The mirror doesn’t have a reconstruction engine. The mirror is stuck in low-resolution reality. I remember a specific moment during a lecture I was giving on deepfakes. I was showing a slide of a “perfect” AI-generated human. I pointed out the lack of micro-expressions, the way the light hit the eyes with a mathematical precision that felt slightly “off.”
“But Ms. Jade, what if the ‘off’ version is the one we like more?”
– Leo, student
That hit me harder than the seven sneezes did this morning. If we train our eyes to prefer the machine’s output, then the machine isn’t the one that’s “off”-we are. We are the ones who have drifted away from the dock.
The Neutrality Myth of Mathematical Weights
When we use a tool like an AI upscaler, we are participating in a trade. We trade the specific, messy truth of a moment for a sharp, usable, and professional-looking asset. For a real estate agent trying to sell a house, or a small business owner trying to make their product look good on a website, this trade is worth it.
It is a tool of survival in a visual economy. You need that 4K clarity to compete. You need the turnaround time because you have a business to run. But we must recognize that this is a trade. If we don’t, we lose the ability to appreciate the “un-enhanced.”
The Truth Folder: Valuing the Blur
We lose the taste for the grain. We lose the value of the blur. I’ve started forcing myself to keep the “bad” versions of my photos in a separate folder. I call it the “Truth Folder.” It’s full of photos that are slightly out of focus, photos where the light is weird, photos where my mother’s skin looks like skin.
I do this to remind myself what the world actually looks like. We think we are the masters of our digital tools. We think we are just clicking a button to “improve” an image. But every time we accept a default, we are letting a developer in a dark room somewhere else decide what our memories should look like.
The path forward isn’t to stop using the tools. That’s impossible and, frankly, unhelpful. The power of reconstruction is a gift for anyone who has ever lost a precious photo to a bad camera or a low-res save. The path forward is to use the tools with a sense of “aesthetic defiance.”
Use the upscaler.

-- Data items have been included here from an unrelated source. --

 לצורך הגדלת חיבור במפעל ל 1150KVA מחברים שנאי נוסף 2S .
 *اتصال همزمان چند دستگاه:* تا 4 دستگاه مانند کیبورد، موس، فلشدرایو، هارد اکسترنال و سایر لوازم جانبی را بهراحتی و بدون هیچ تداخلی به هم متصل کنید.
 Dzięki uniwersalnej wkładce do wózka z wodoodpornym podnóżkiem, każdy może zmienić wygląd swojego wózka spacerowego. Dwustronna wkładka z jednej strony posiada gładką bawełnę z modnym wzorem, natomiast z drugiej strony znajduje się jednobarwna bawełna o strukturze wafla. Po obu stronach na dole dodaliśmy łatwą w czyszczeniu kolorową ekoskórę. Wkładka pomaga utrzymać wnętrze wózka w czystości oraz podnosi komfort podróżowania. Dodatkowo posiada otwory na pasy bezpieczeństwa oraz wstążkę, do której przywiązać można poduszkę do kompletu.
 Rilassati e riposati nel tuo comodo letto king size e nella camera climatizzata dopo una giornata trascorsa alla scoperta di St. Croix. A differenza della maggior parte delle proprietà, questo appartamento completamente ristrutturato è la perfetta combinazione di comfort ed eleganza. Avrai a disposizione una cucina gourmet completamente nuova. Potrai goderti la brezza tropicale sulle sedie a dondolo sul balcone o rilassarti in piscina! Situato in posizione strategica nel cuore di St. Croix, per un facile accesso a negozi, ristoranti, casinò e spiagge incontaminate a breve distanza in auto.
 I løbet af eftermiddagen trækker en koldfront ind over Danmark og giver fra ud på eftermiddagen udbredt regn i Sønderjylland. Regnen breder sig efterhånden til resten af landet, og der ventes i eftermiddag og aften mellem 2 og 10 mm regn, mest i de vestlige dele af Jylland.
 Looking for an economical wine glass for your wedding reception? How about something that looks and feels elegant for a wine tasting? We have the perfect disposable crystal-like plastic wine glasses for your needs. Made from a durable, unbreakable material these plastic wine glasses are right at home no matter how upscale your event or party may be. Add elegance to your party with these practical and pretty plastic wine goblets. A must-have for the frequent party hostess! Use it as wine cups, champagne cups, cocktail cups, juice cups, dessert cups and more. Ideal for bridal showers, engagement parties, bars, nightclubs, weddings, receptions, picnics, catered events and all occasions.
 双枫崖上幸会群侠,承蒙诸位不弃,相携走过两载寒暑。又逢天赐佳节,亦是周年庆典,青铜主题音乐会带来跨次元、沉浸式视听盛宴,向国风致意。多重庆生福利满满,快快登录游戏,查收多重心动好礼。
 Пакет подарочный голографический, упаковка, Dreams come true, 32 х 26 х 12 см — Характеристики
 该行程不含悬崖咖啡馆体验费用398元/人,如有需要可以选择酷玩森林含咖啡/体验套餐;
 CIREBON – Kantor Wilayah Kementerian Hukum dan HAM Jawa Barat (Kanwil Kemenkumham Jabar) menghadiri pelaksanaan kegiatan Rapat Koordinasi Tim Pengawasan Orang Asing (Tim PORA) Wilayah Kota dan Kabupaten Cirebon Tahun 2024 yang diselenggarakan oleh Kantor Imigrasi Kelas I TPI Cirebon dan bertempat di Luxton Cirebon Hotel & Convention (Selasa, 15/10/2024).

Get your 4K output. Save the time. But don’t let the machine’s “idea” of a good photo be the only one you carry in your head. When you look at the result, ask yourself: What did the machine take away to give me this sharpness?
Is the wood grain still wood, or is it a dream of wood? Is the skin still skin, or is it a plastic mask? My sneezing fit eventually stopped, leaving me in that quiet, post-storm clarity. I looked back at the screen, at the reconstructed photo of my mother.
I hit ‘undo.’ I went back to the original-the grainy, slightly yellowed, 72dpi scan. It was blurry. It was small. But when I looked at it, I could actually smell the hairspray she used to use. I could see the specific, uneven way she applied her lipstick that day.
The machine couldn’t reconstruct those memories because it didn’t know her. It only knew “faces.” We must be careful not to become a society that only knows “faces.” We need to remain a society that knows people.
The tool is a shortcut, but the shortcut shouldn’t become the destination. We have to keep our eye trained on the grit, the grain, and the glorious, low-resolution mess of being alive.
Because if we don’t, we might wake up one day and realize we’ve upscaled our entire lives into something sharp, bright, and completely unrecognizable.